Epidermal stem cells have become an object of intensive research. The epidermis constitutes one of the main sources of stem cells and is a tissue of choice for use in exploring their biology. Stratified squamous epithelium (epidermis) possesses the capacity for self-renewal and repair due to the presence of epidermal stem cells (ESC). They have been identified within basal layer of the interfollicular epidermis (IFE), in the "bulge" of the hair follicles of rodents, and also in the human follicular bulge. Melanocyte stem cells (MSC) from hair follicles (precisely from the bulge region, which also contains epidermal stem cells) provide an attractive model for the study of stem cells and their regulation at the niche. This review summarizes the rapidly developing field of epidermal stem cell research and their application in regenerative medicine, paying particular attention to melanocyte stem cells, their biology and some of the processes that occur during hair graying and regeneration of the pigmentary system, as well as discussing how aged-associated changes in the melanocyte stem cells compartment impact hair graying. This review also includes differentiation of human skin stem cells into functional epidermal melanocytes.

Background

Epidermal stem cells, because of their relatively easy availability and practical functions, have become an object of intensive research [1]. The epidermis is characterized by a high propensity to repair and constant renewal, and therefore constitutes a tissue of choice for use in exploring stem cells biology. The stem cells can be divided according to their ability to differentiate – totipotent, pluripotent, multipotent and unipotent stem cells. The totipotent nature of the cell is linked with its ability to development into any cell type of the organism. The pluripotent cells can give rise to any type of cell, differentiating into each of the 3 germ layers: mesoderm, ectoderm and endoderm, but they cannot convert back into totipotent cells. Embryonal stem cells (ESC) in the morula stage are totipotent, and during the blastocyst stage obtain pluripotent capacity. Multipotent cells can develop into all cell types within only 1 germ layer (for example, within the mesoderm they can differentiate into bone marrow or blood cells). The unipotent stem cells give rise to 1 type of mature cell and have the ability to divide. Adult stem cells (ASC) occur in mature organisms and have multipotent or unipotent capability. The capacity of the ASC to differentiate into other tissues is therefore limited in comparison with the ESC.
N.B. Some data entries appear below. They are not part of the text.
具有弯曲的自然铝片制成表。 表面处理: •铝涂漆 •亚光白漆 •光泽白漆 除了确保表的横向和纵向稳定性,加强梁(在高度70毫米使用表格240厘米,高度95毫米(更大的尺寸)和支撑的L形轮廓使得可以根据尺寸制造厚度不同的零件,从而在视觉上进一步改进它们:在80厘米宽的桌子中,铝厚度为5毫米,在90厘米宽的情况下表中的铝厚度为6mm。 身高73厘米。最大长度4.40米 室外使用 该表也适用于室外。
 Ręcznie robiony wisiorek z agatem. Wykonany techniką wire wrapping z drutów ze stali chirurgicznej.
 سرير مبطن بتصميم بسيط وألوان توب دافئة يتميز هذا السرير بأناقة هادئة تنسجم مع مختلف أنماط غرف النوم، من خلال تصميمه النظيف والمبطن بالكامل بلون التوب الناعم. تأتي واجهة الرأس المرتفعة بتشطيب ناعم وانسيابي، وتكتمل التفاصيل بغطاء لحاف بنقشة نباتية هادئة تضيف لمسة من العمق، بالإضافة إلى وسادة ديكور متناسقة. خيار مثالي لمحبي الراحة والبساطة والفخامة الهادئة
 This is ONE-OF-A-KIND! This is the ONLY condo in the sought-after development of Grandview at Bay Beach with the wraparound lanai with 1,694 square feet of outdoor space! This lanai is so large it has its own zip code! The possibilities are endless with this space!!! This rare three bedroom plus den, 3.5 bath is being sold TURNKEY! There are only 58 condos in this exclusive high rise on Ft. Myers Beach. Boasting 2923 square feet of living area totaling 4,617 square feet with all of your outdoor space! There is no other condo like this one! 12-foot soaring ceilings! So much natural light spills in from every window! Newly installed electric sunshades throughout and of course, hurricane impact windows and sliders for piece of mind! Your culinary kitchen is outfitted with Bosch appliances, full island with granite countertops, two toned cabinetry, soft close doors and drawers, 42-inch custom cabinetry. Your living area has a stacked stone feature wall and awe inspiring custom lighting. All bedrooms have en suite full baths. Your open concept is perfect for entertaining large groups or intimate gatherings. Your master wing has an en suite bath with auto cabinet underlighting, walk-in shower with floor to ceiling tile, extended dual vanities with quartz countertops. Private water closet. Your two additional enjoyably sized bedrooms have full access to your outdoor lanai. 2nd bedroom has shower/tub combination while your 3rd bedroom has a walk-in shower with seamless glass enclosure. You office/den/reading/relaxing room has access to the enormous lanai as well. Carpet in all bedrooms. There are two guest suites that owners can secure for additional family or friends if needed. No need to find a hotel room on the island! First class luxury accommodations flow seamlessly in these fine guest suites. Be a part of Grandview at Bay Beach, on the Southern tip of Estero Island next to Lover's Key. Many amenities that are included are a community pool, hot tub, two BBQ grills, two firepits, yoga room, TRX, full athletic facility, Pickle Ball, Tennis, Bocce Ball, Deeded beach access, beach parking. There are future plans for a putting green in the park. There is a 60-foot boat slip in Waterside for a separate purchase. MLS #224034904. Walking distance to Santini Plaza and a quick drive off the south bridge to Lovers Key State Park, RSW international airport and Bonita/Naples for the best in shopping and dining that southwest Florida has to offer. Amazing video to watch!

Adult stem cells constantly play key roles in regenerating and maintaining adult tissues. What are their characteristics? Adult stem cells must constantly renew their population and must have the potential and ability to engage in multilineage differentiation. Stem cells have varying degrees of differentiation potential, which can explain their plasticity. Epidermal stem cells are unipotential, so they are able, in theory, to generate only epidermal cells [2,3]. The ability to manipulate individual melanocyte stem cells from hair follicle (precisely from the bulge region, which also contains epidermal stem cells) provides an attractive model for the study of stem cells and their regulation at the niche (the 3-dimensional environment in which they reside) [4,5].

This review summarizes the rapidly developing field of epidermal stem cell research, paying particular attention to melanocyte stem cells, their biology and some of the processes that occur during hair graying and regeneration of the pigmentary system.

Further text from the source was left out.